Safe LLM model updates require traffic-level control, continuous quality evaluation, and instant rollback capability. The cost of a bad deployment is proportional to traffic times duration — catching issues in the 2% canary stage prevents them from affecting the full user base.

Core principles:

  1. Risk-graded strategies: Config changes need no canary. Fine-tuned model updates need a 10% canary for 1 hour. New model families need a 2% canary for 24 hours. The evaluation duration must match the risk.
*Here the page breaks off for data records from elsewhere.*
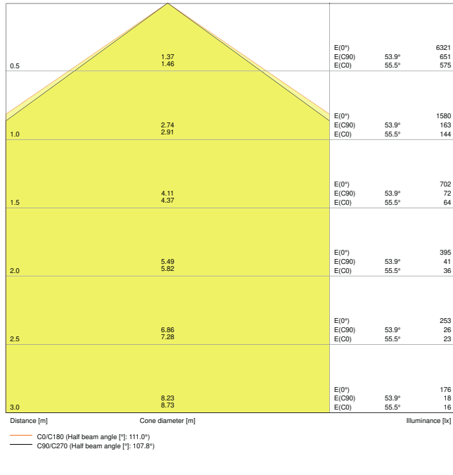
LDC typ cone
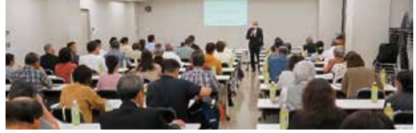
■少年指導委員研修会 (令和6年10月7日)
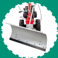
LAME NEIGE 85 cm orientable \pm 30^\circ
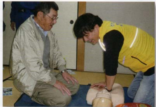
心肺蘇生術を実践中

  2. Dual-model GPU overhead: Canary deployment requires loading both model versions simultaneously. For a 70B model, that means 2x GPU allocation during the canary period (140GB + 140GB). This is a real infrastructure cost that must be budgeted.

  3. Statistical rigor for A/B tests: Detecting a 5% quality improvement requires approximately 3,000 samples per model. Rushing the decision with insufficient data leads to false positives (promoting a worse model) or false negatives (rejecting a better model).

  4. Progressive rollout is safer than binary: Moving from 2% to 5% to 10% to 25% to 50% to 100% catches issues at every scale. A latency regression that only appears at high concurrency will be caught at the 25% or 50% stage.

  5. Sticky sessions matter: Users in an A/B test must consistently see the same model version within a session. Switching mid-conversation produces confusing behavior and corrupts the evaluation signal.